Но нет, непредсказуемый шеф рассудил иначе.
Утром, когда Анисий, ежась под унылым дождиком, явился на Малую Никитскую, Маса
передал записку:
На некоторое время исчезаю. Попробую зайти с
противуположного конца. А вы пока поработайте с Ижицыным. Боюсь, не наломал бы
он дров от излишнего усердия. С другой стороны, субъект он мало приятный, но
цепкий, глядишь, что-нибудь и нащупает.
ЭФ.
Вот тебе и на. С какого это еще
«противуположного»?
Важнейшего следователя пришлось поискать.
Анисий протелефонировал в прокуратуру – сказали: «выехал по вызову
Жандармского». Связался с Жандармским управлением – ответили: «отбыл по
срочному делу, не подлежащему телефонному обсуждению». Голос у дежурного был
такой взвинченный, что Тюльпанов догадался – видать, новое убийство. А еще
через четверть часа от Ижицына прибыл посыльный – городовой Линьков. Заглянул к
коллежскому советнику, не застал и явился к Тюльпанову на Гранатный.
– Кошмарное происшествие, ваше
благородие, – доложил Линьков, ужасно волнуясь. – Бесчеловечное
умерщвление малолетней особы. Такая беда, такая беда…
Шмыгнул носом и покраснел, видно устыдившись
своей чувствительности.
Анисий смотрел на тонкошеего, нескладного
полицейского и видел его насквозь. Грамотный, сентиментальный, и книжки, поди,
читать любит. Пошел от бедности в полицию, только не для него, куренка, эта
грубая служба.

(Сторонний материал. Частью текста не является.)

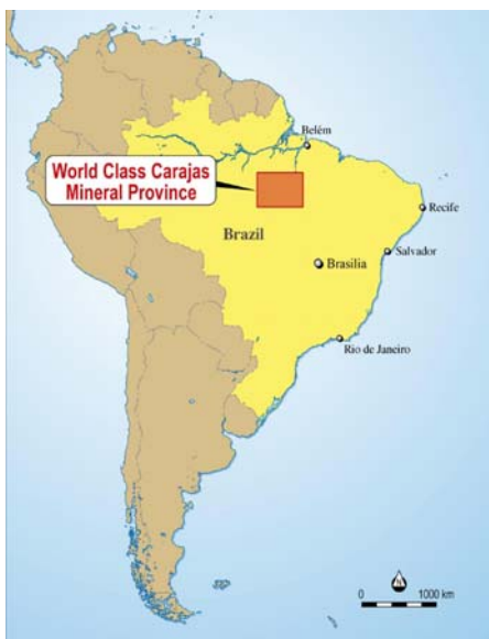
Avanco's Projects are located in the Carajas, northern Brazil

Был бы Тюльпанов таким же, если б не счастливая встреча с
Эрастом Петровичем.
– Едемте, Линьков, – сказал Анисий,
нарочно называя городового на «вы». – Давайте прямо в морг, все равно туда
привезут.
Вот что значит дедукция – расчет оказался
верен. Всего полчасика посидел Анисий в сторожке у Пахоменки, поболтал с
приятным человеком о житье-бытье, и подкатили к воротам три пролетки, а за ними
глухая карета без окон, так называемая «труповозка».

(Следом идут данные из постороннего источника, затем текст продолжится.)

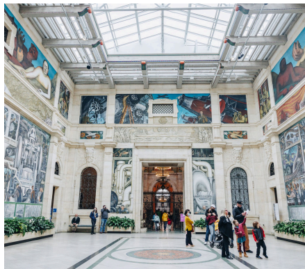
Detroit Institute of Arts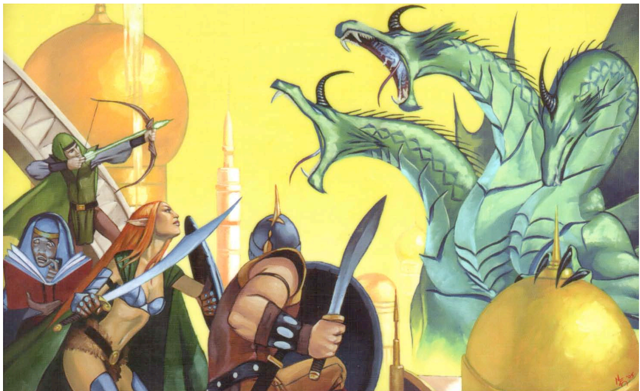
Figure 14: Oppedisano, G. (2006). DCC#32 The Golden Palace of Zahadran . Chicago: Goodman Games.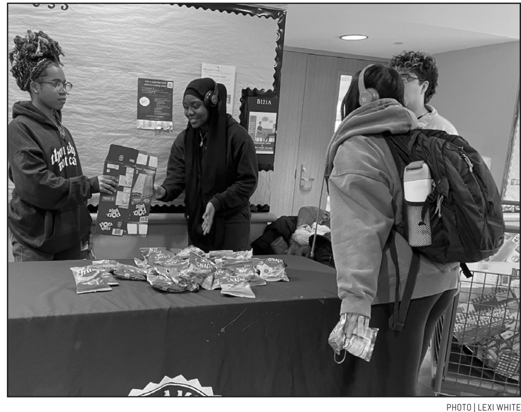
ProCon serving snacks for students in Engleman Hall on Thursday, Feb. 22.

the students on campus. ProCon has also been helping students with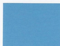
PANTONE Process Blue C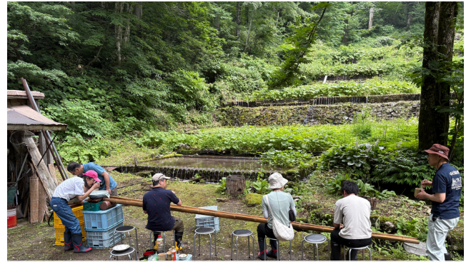
Flowing somen noodles with fresh wasabi.

Из первой пролетки вышли Ижицын с Захаровым,
из второй – фотограф с ассистентом, из третьей – двое жандармов и старший
городовой. А из кареты никто не вышел. Жандармы открыли облезлые дверцы,
вынесли на носилках нечто короткое, прикрытое брезентом.

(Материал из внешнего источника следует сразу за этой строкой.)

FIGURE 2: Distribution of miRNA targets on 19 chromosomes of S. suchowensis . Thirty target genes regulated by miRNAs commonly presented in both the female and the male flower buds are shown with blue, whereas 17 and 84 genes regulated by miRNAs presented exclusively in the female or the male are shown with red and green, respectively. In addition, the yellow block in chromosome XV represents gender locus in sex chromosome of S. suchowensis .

Медицинский эксперт был хмур и грыз свою
неизменную трубку с каким-то особенным ожесточением, зато следователь выглядел
бодрым и оживленным, чуть ли даже не радостным. Увидев Анисия, переменился в
лице:
– А-а, это вы. Стало быть, уже пронюхали?
Ваш начальник тоже здесь?
Но когда выяснилось, что Фандорина нет и не
будет, да и его помощник пока ничего толком не знает, Ижицын вновь воспрял
духом.
– Ну, теперь закрутится, – сообщил
он, энергично потирая руки. – Стало быть, так. Сегодня на рассвете путевые
обходчики передаточной ветви Московско-Брестской железной дороги обнаружили в
кустах близ Ново-Тихвинского переезда труп малолетней бродяжки. Егор Виллемович
определил, что смерть наступила не позднее полуночи. Неаппетитное, доложу вам,
Тюльпанов, было зрелище! – Ижицын коротко хохотнул. – Вообразите:
пузо, натурально, выпотрошено, вокруг на ветках потроха развешаны, а что до
физиономии…
– Что, снова кровавый поцелуй?! – в
волнении вскричал Анисий.
Следователь прыснул, да и не смог
остановиться, закис со смеху – видно, нервы.
– Ой, уморили, – вымолвил он,
наконец, вытирая слезы. – Дался вам с Фандориным этот поцелуй. Вы уж
извините за неуместное веселье. Сейчас покажу – поймете. Эй, Силаков! Стой!
Лицо ее покажи!
Жандармы опустили носилки на землю, откинули
край брезента. По загадочному поведению следователя Анисий ожидал увидеть
что-нибудь особенно неприятное: стеклянные глаза, кошмарную гримасу,
вывалившийся язык, но ничего этого не было. Под брезентом обнаружился какой-то
черно-красный каравай с двумя шариками: белыми, а посреди каждого темный
кружочек.
– Что это? – удивился Тюльпанов, и
зубы у него как-то сами по себе застучали.
– Стало быть, наш шутник ее вовсе без
лица оставил, – с мрачной веселостью пояснил Ижицын. – Егор
Виллемович говорит, что кожа надрезана под линией волос и после сдернута,
наподобие шкурки апельсина. Вот вам и поцелуй. И, главное, теперь не опознаешь.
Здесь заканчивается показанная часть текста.